How we react - Hooks

I’ll take the bait :rofl:

I’ve looked extensively at hooks, including trying them out in real applications that I’ve worked on and I have to let you know that I think they are going to cause so many problems for React apps (and Vue, who pretty much copies whatever React is doing).

Yes, there is a ton of hype. There’s more hype in the JavaScript community than I’ve ever seen in any community or around any technology in my entire career. It’s outrageous and unhealthy. My best advice would be to focus instead on demonstrated designs, practices, etc. that are published in books and journals, which have stood the test of time for multiple decades. Pay more attention to people who have some real experience behind them, and not so much to some of the framework authors who have less than 10yrs under their belt (and some of whom don’t appear to have shipped a real app ever). It’s the blind leading the blind out there.

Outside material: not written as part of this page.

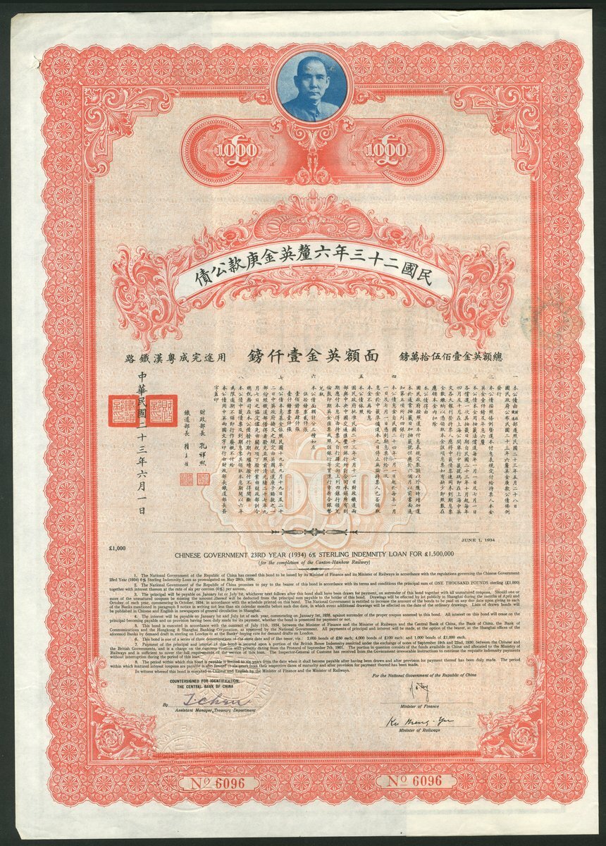 China: 1934, 6% Sterling Indemnity Loan, bond for £1000, #6096, portrait of Sun Yat Sen at top, text in Chinese and English, red and blue, pink underprint, with coupons. EF [R8*].

With Aurelia, we don’t need hooks because we have three very powerful things:

  • Observability
  • Dependency Injection
  • Metaprogramming

There are more, but these are things we have, which have been around for decades, and which neither React nor Vue has in full.

React can’t actually observe arbitrary objects. So, as a result, it needs to be told when to update through calling explicit APIs (e.g. setState). In the real world, this turns out to be completely untenable. So, the React community came up with Flux and various libraries like Redux. Of course, Redux forces you to centralize all your state and magnifies the amount of work you have to do to accomplish the most basic of scenarios. This causes issues of complexity, lack of modularization in the code, debugging challenges, and so much more. So, then the React community moved on to Hooks as its 3rd attempt. Hooks are difficult to understand and they force you to pull all normal logic out of encapsulated object boundaries, as all state must be modeled with hooks, or it doesn’t really work. So, complexity, intrusiveness, etc. There’s also some questionable performance characteristics (actually, all of these techniques have perf issues) and other items of debate even within their community.

With Aurelia, we can observe normal objects/class properties. So, you can leverage the last 40ish years of OOP techniques and battle-tested approaches to building software. Also, the general observer pattern has been around for a very long time and has scaled to some of the most complex apps today.

Vue has observability too, but can’t observe as many edge cases as Aurelia (for example, it can’t observe Set and Map). However, taking those shortcomings aside, Vue doesn’t have dependency injection and it utilizes a custom non-standard way to create objects. As a result, as a Vue app tends to grow larger, it gets more and more spaghetti-like. It’s hard to properly modularize and compose the objects. One has to result to globals and other strange hacks to simulate a DI-like functionality. They are looking to hooks to solve this issue for them, but it’s not going to end well.

On the other hand, Aurelia has a very powerful DI framework. This lets you decompose any problem into small pieces that work together to tackle something complex. Need to make something reusblabe? Just factor it out into a new class and inject it wherever you need. That’s a basic form of composition that works very well, with decades of history behind it.

None of the frameworks have metaprogramming capabilities like Aurelia. In Aurelia’s case, you can apply a decorator to a class, and the framework will use your declaration to “write” code for you, so you don’t have to. We take this further with conventions. So, you can write vanilla js, following a simple pattern, and Aurelia will write code for you to make things into custom elements, etc. Again, this sort of technique goes way, way back. When you combine it with observability and DI, some magical things happen. You get plain objects and classes that you can model in whatever way makes sense for your app, based on 40ish years of solid practices, and the framework can just make those into components (metaprogramming) that interoperate with one another (DI), and can reflect their state to the view automatically (observability).

To sum up, don’t let hype get the better of you. It’s good to keep tabs on what’s going on, but root yourself in practices that have stood the test of time and have been proven over multiple decades to work for small, medium, large, and gigantic-scale apps and teams. Aurelia chooses a specific set of approaches based on my 15+ years of UI engineering focus, working on apps of every size and in almost every industry. I have yet to come across a scenario where these few basic concepts didn’t get the job done, and with great extensibility, testability, etc.

Always keep learning new things, but don’t forget what you’ve already learned and what you know works. A lot of time in our industry has been spent fixing things that aren’t broken, in search of some hyped tech revolution. I prefer a more iterative approach of slowly evolving and refining things over time that I’ve seen work. Hopefully, you can experience some of that through Aurelia.